Your instructions: Skip pictures in the listing below; copy exactly the lines from the one with "3月中旬,安徽农垦大圹圩农场" through the one with "5’AGU3’ không phải", inclusive.

Source material:

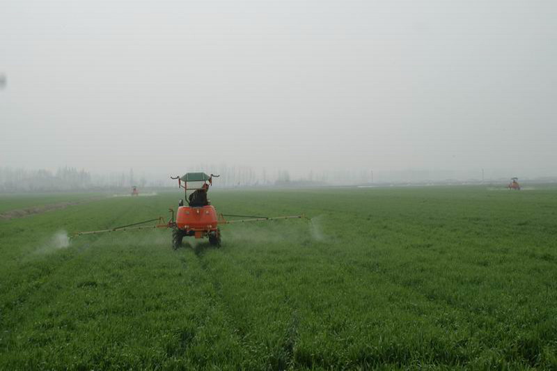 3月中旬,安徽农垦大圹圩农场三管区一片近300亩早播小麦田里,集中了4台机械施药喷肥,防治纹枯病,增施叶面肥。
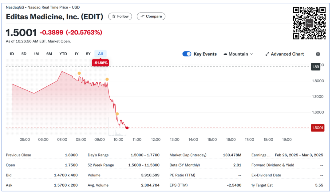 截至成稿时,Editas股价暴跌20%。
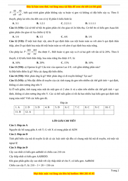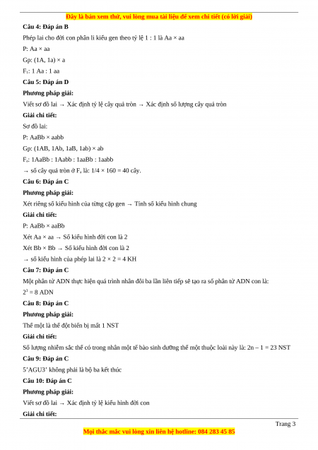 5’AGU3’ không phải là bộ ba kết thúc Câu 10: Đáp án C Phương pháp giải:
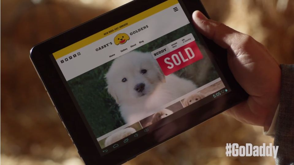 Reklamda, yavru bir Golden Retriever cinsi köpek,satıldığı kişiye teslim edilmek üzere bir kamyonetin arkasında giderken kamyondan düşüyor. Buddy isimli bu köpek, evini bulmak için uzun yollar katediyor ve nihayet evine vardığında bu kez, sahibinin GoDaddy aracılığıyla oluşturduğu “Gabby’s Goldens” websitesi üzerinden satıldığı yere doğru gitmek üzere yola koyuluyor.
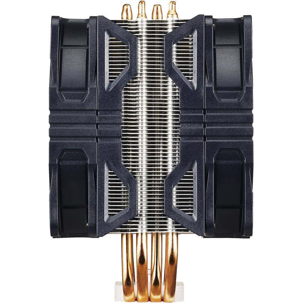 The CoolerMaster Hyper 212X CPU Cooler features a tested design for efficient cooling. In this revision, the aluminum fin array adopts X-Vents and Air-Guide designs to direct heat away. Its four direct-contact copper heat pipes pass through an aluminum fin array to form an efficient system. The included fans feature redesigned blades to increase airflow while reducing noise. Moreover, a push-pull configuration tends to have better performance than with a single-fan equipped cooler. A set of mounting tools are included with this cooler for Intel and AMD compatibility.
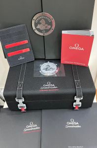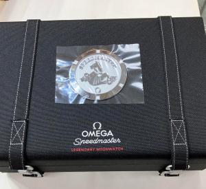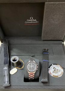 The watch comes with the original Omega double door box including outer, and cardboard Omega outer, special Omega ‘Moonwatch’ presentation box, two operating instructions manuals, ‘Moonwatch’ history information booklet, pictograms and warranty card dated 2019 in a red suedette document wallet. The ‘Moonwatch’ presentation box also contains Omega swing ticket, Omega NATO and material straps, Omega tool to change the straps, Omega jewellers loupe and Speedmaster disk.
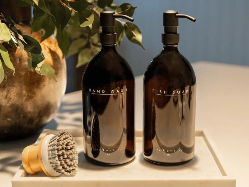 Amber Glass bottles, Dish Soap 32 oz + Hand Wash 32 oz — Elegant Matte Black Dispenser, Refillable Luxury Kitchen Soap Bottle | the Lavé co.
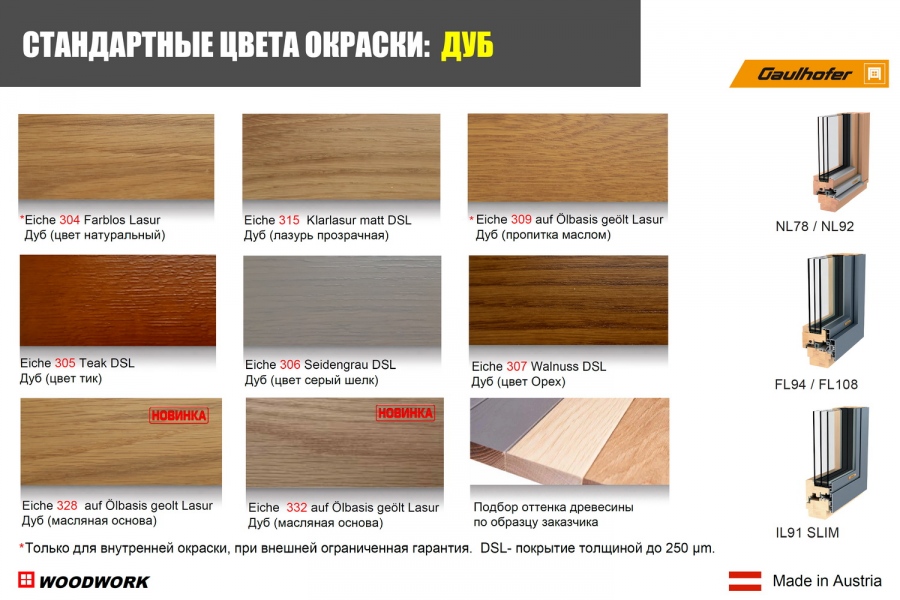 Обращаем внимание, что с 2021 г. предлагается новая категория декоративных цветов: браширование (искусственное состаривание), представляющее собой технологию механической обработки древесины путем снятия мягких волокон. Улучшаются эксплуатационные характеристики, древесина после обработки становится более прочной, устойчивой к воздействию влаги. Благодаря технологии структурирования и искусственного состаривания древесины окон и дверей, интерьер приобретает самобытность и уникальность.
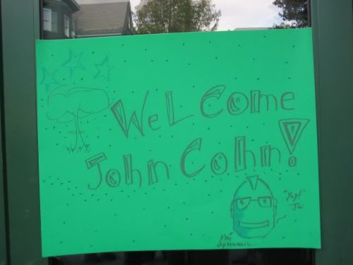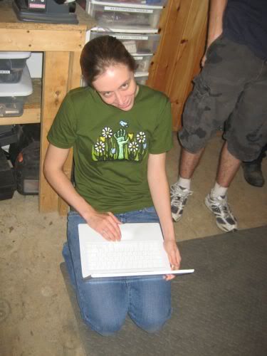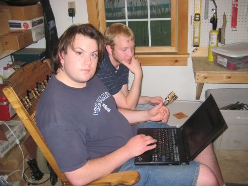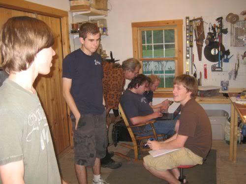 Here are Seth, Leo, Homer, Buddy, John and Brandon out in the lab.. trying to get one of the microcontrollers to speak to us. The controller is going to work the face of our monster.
* * *
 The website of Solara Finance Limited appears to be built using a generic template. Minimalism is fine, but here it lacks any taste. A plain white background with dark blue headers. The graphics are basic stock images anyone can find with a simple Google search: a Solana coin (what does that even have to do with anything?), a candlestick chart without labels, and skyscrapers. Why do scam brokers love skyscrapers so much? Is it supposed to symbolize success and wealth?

Solution for this task:
 3月中旬,安徽农垦大圹圩农场三管区一片近300亩早播小麦田里,集中了4台机械施药喷肥,防治纹枯病,增施叶面肥。
 截至成稿时,Editas股价暴跌20%。
 5’AGU3’ không phải là bộ ba kết thúc Câu 10: Đáp án C Phương pháp giải:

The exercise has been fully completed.